While the expenditure side of the budget should be tackled by these measures, he had suggested that the tax rates which stood at 80% at the margin too should be scaled down drastically in order to promote national savings, since, according to him, “taxation destroys potential national savings into a bon-fire of public consumption” which has not helped the economy to pick up. He also has opined that the public’s concern for Ceylonisation of foreign enterprises could be fulfilled by freeing the public from high marginal tax rates and increasing their savings potential. Many years later, American economist Arthur Laffer also came up with this Shenoy Theorem with what later came to be known as Laffer curve that depicted that when tax rates are increased beyond a certain level, tax revenue would fall instead of increasing.
Float the rupee and remove exchange and import controls
The most revolutionary proposal by Shenoy was to adopt a completely freely floating exchange rate to address the persistent balance of payments difficulties in the wake of uncertainty about the receipt of donor funding. It should be noted that this recommendation was two decades ahead of global best practices which advocated flexible exchange rates. The strict exchange and import controls have generated a massive black market for foreign exchange on one and a thriving smuggling business on the other.
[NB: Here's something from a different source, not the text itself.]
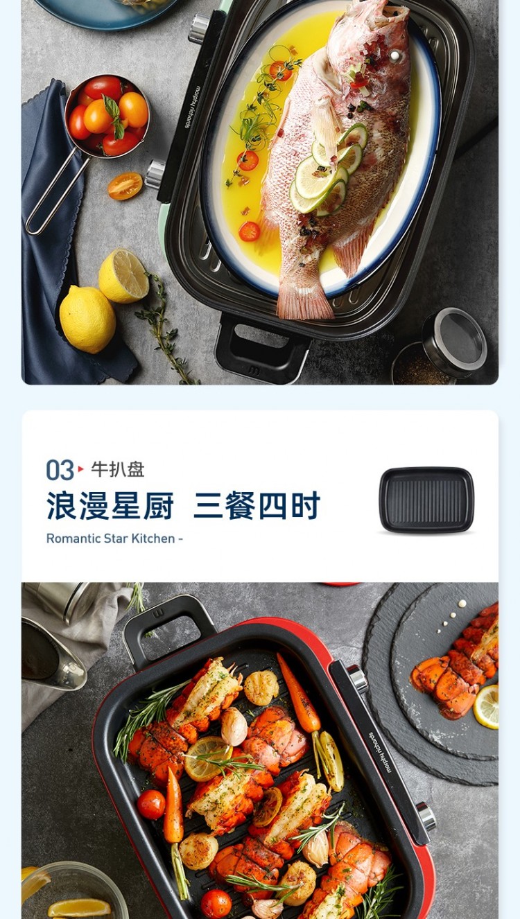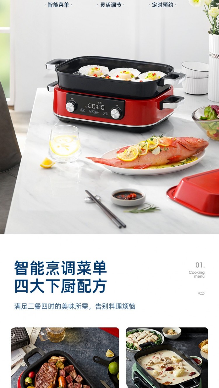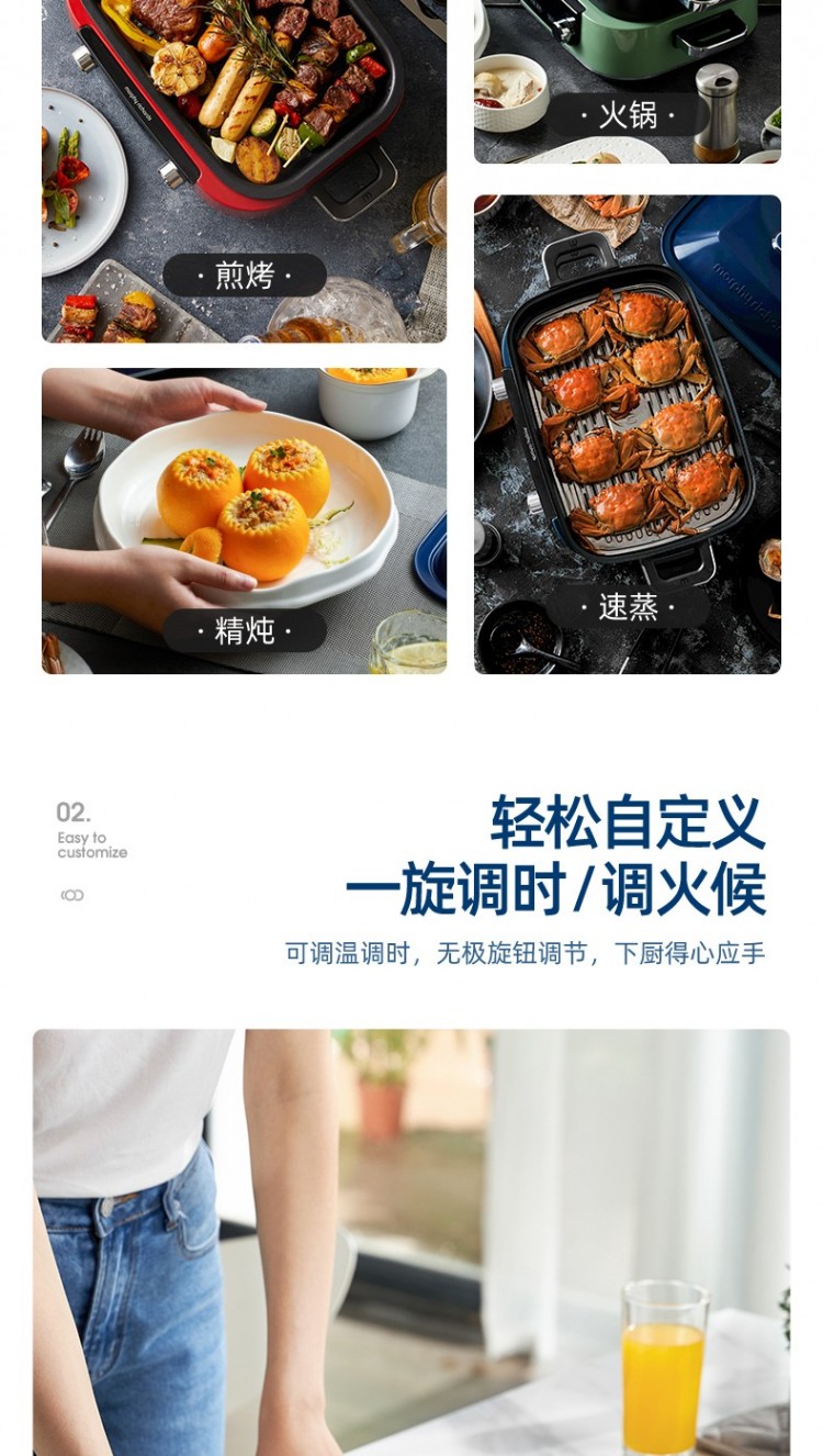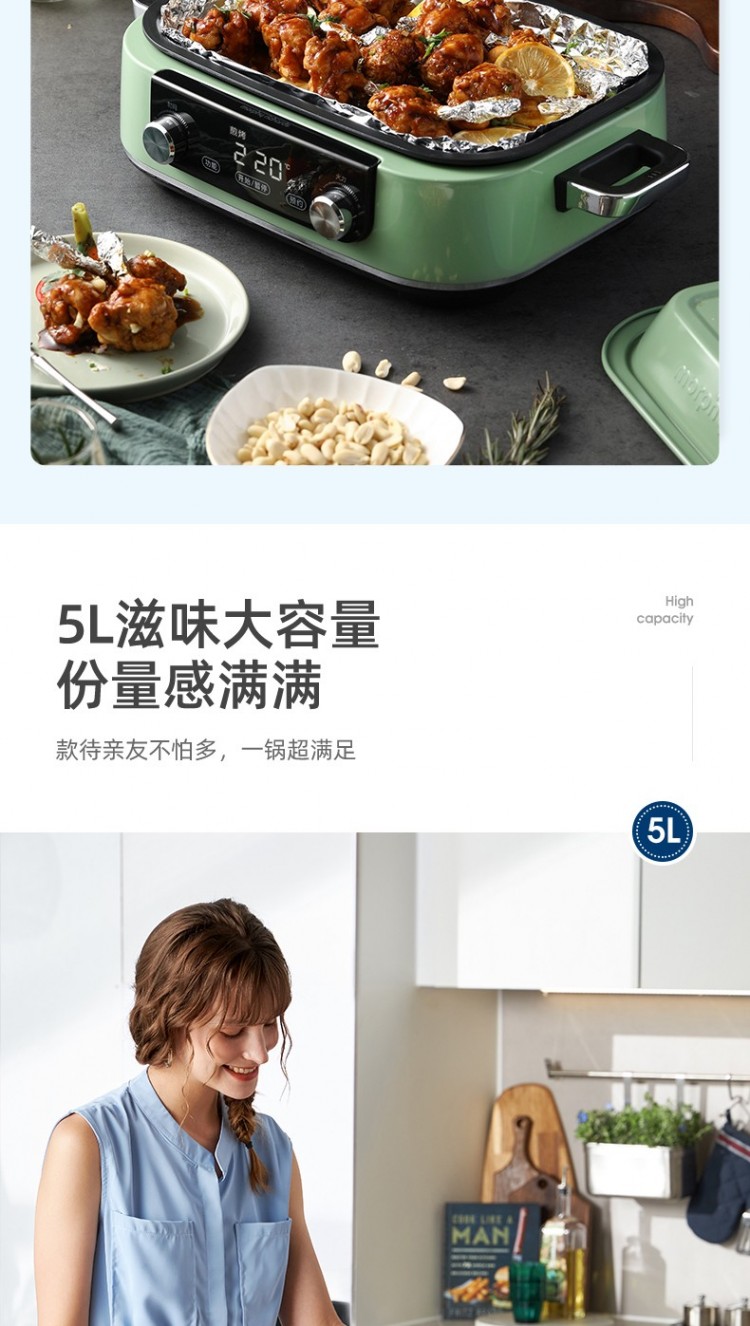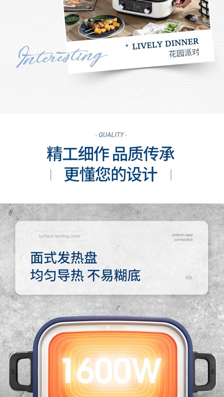 5.1600W更高效。選用食品級防粘涂層,有效控制油煙,讓餐桌變廚房。

The reaction of authorities was to impose more and more penalties on the culprits. Hence, there was a substantial disparity between the official exchange rate and black market rate; the result was the over invoicing of imports and under invoicing of exports so that saved foreign exchange could be lucratively sold in the black market. Shenoy had termed it as ‘disastrous for the country’s balance of payments. Hence, he recommended abolition of exchange controls, import and export restrictions and liberalisation of external trade along with the floating of the rupee.
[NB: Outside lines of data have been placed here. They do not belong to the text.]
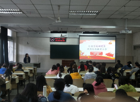 在东校区12教101教室举行了“理想信念教育大会”,学院副党委书记袁海山出席大会,全体研究生参会,会议由亚洲无码
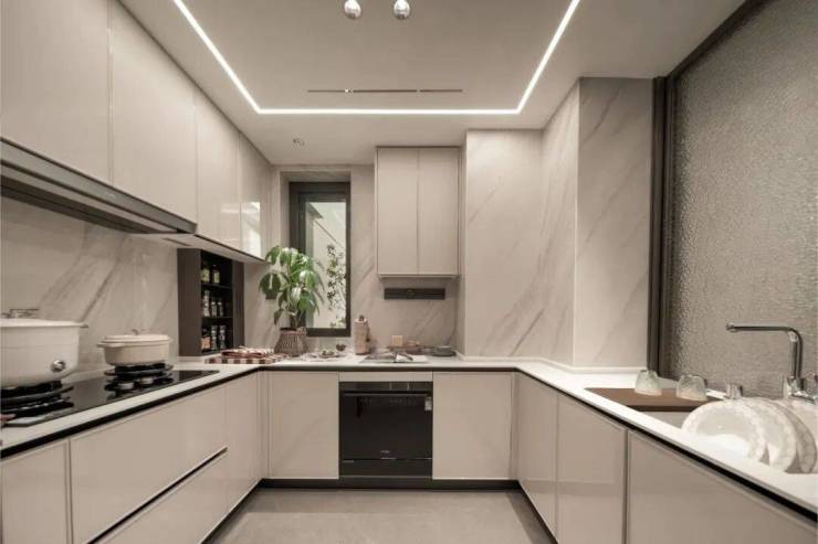 除了户型尺度,招商序的展示空间用料也是在700万这个量级难逢敌手,整个展示空间,除了卧室的拼花地板,其他区域的地面与墙面几乎全是岩板与奢石。连卫生间墙面都做到了岩板通铺....这种用料一般只有千万级的豪宅才能看到,114的客厅背景墙也采用了天然大理石搭配岩板交付,岩板因工艺复杂、性能优异,多用于高端场景,招商序厨房、卫生间墙面地面,客餐厅地面连通阳台,全部通铺岩板,可见硬装投入度之高。
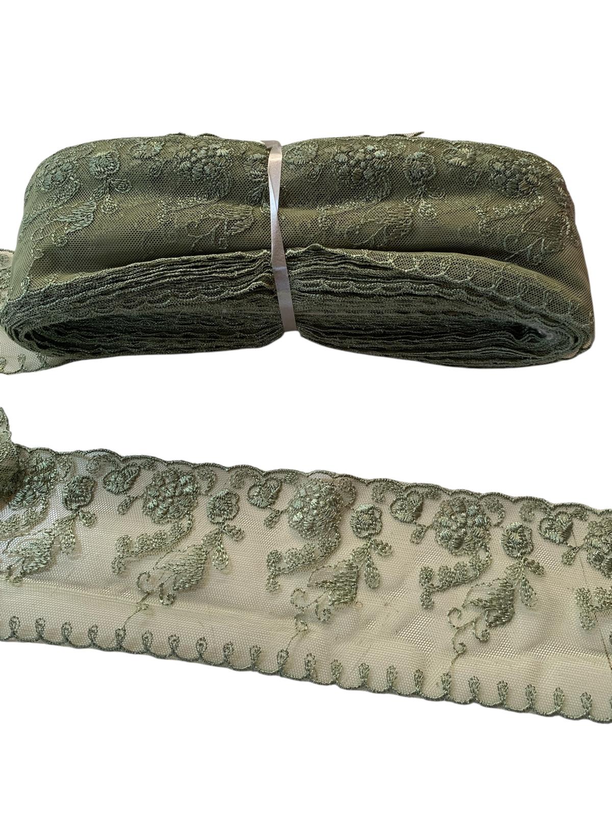Pizzo in tulle ricamato verde antico

Costly disregard of Shenoy’s recommendations
Shenoy’s recommendations were well ahead of their time and similar to the reform package adopted by Singapore. According to the biographers, JR was impressed by the policy reform package suggested by Shenoy.
However, when it was submitted to the Cabinet, Prime Minister Dudley Senanayake is reported to become nervous thinking that it is a ploy by JR to oust him from leadership, according to the biographers. Hence, the policy package was dismissed and it remained a dusty document with JR till it was transferred to the J.R. Jayewardene Centre in Colombo as a vital document.
It is therefore another instance of Sri Lanka missing an opportunity to reform the economy and set it on a firm recovery road. Strangely, Sri Lanka’s economy today is mostly afflicted by the same maladies and Shenoy recommendations could be adopted without any amendment.